(Material supplied begins)

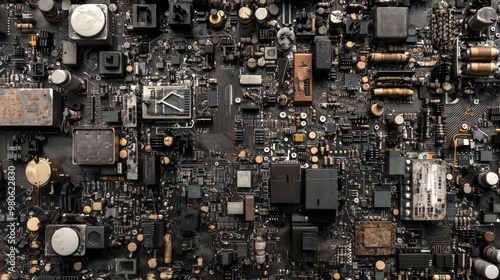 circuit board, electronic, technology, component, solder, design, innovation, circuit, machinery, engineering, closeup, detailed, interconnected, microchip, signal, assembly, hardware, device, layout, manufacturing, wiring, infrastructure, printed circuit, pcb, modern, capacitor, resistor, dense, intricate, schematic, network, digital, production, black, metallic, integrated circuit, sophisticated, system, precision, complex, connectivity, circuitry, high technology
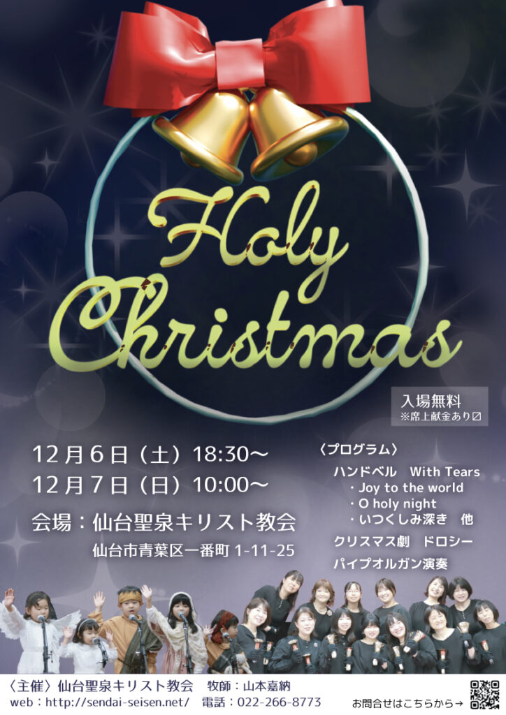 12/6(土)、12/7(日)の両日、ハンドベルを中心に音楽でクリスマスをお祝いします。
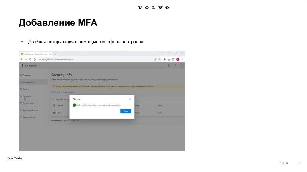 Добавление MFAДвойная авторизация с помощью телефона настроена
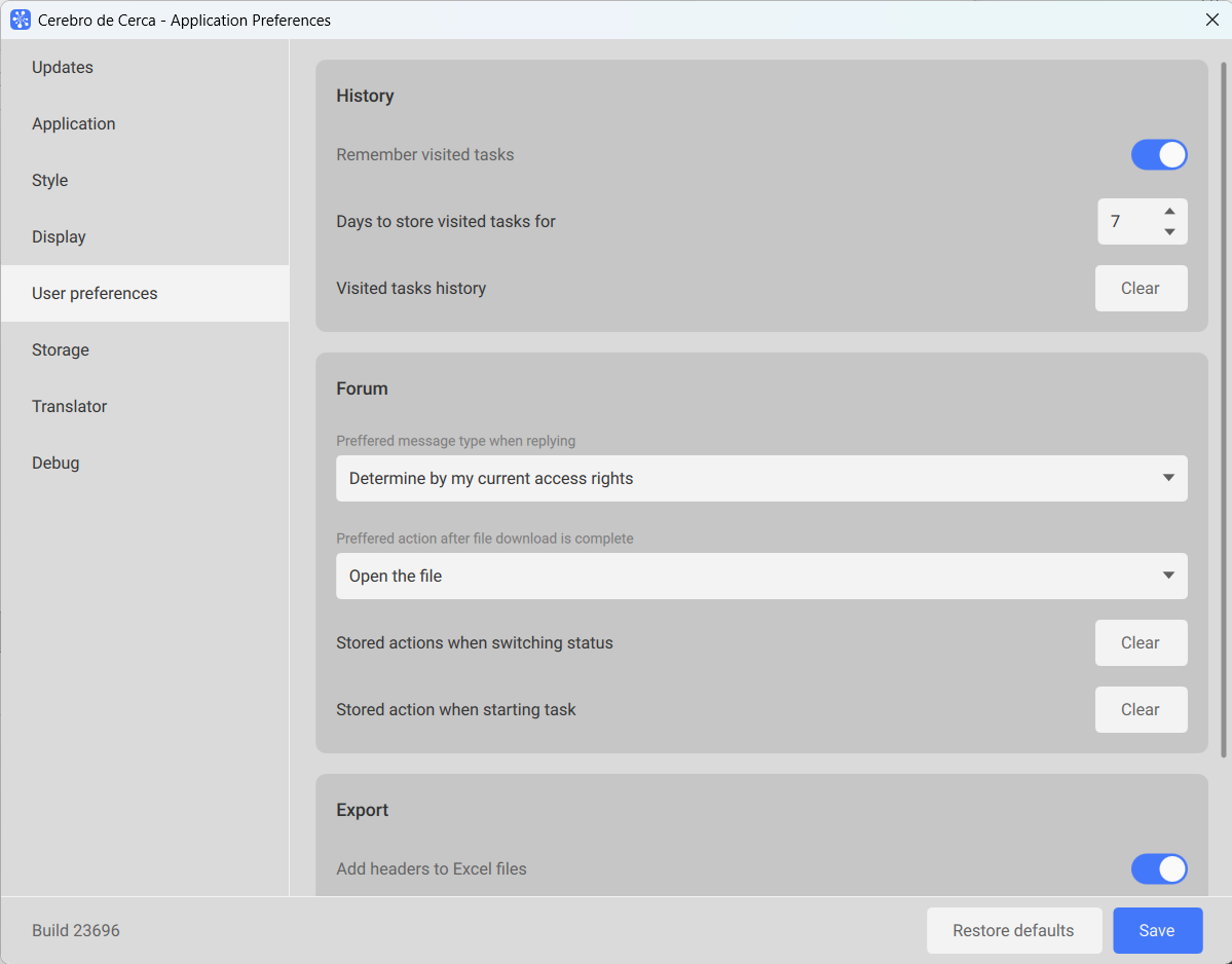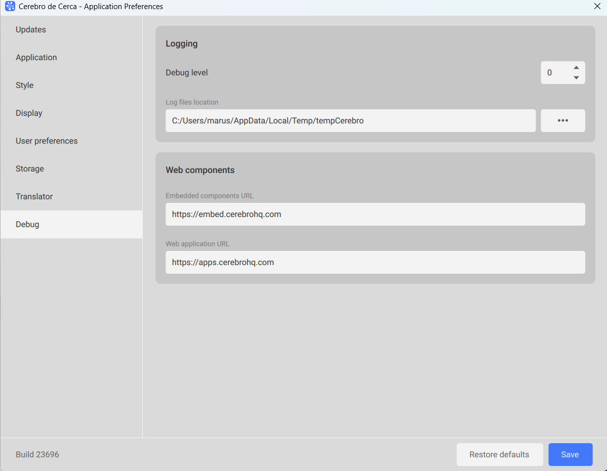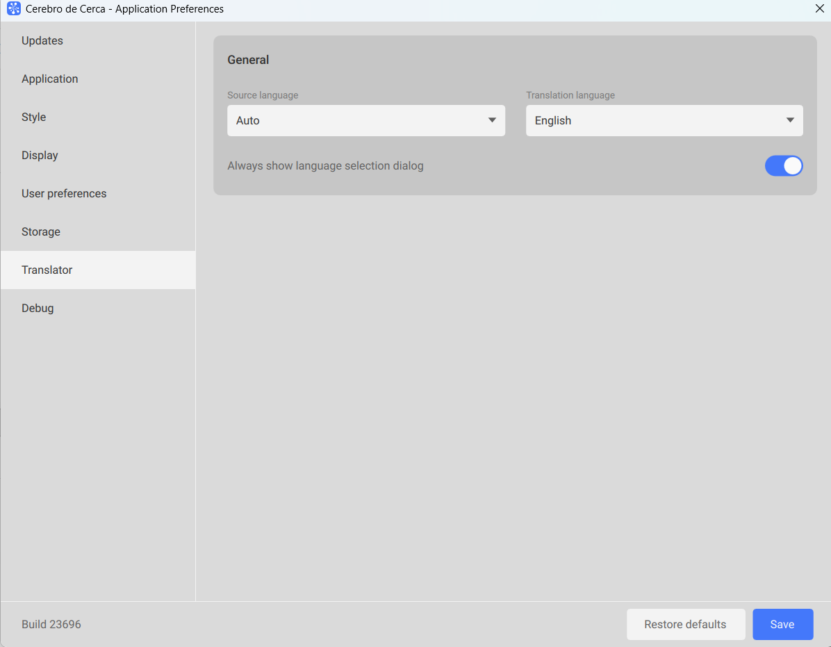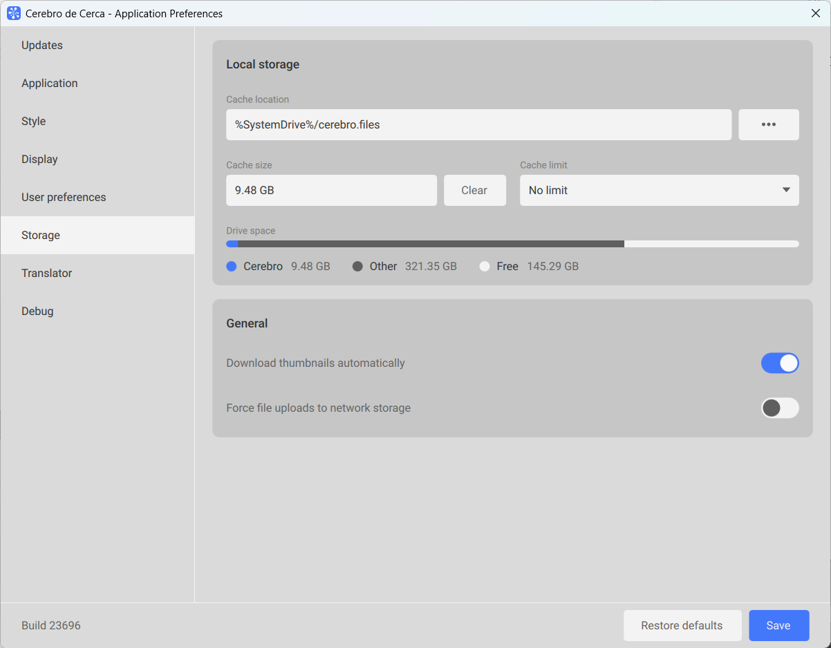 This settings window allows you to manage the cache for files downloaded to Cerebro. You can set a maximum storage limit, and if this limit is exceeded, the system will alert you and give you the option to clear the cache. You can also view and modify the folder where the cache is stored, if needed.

(Material supplied ends)
(Material supplied begins)

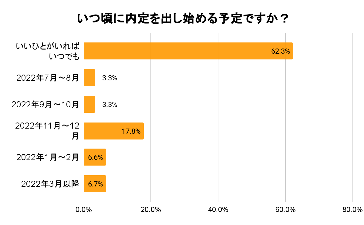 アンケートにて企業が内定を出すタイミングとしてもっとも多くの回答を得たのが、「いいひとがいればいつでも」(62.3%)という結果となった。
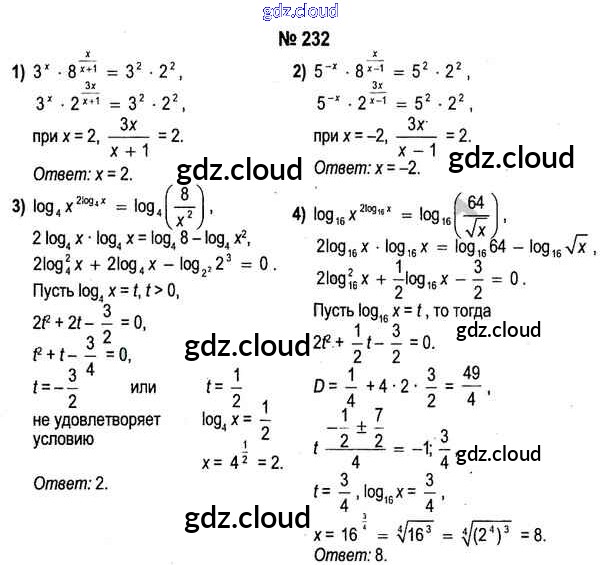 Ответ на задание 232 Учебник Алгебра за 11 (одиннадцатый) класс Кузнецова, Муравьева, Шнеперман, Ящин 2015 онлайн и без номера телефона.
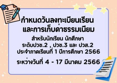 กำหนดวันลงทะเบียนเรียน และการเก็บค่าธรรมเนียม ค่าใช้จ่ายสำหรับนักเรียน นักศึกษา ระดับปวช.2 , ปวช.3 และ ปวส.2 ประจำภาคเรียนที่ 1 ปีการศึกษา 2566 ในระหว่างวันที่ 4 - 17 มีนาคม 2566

(Material supplied ends)

→ **About this task**
Using the data above, transcribe exactly the lines between those containing "アンケートにて企業が内定を出" and "17 มีนาคม 2566", inclusive, and leave every picture behind.

→ **Response**
 アンケートにて企業が内定を出すタイミングとしてもっとも多くの回答を得たのが、「いいひとがいればいつでも」(62.3%)という結果となった。
 Ответ на задание 232 Учебник Алгебра за 11 (одиннадцатый) класс Кузнецова, Муравьева, Шнеперман, Ящин 2015 онлайн и без номера телефона.
 กำหนดวันลงทะเบียนเรียน และการเก็บค่าธรรมเนียม ค่าใช้จ่ายสำหรับนักเรียน นักศึกษา ระดับปวช.2 , ปวช.3 และ ปวส.2 ประจำภาคเรียนที่ 1 ปีการศึกษา 2566 ในระหว่างวันที่ 4 - 17 มีนาคม 2566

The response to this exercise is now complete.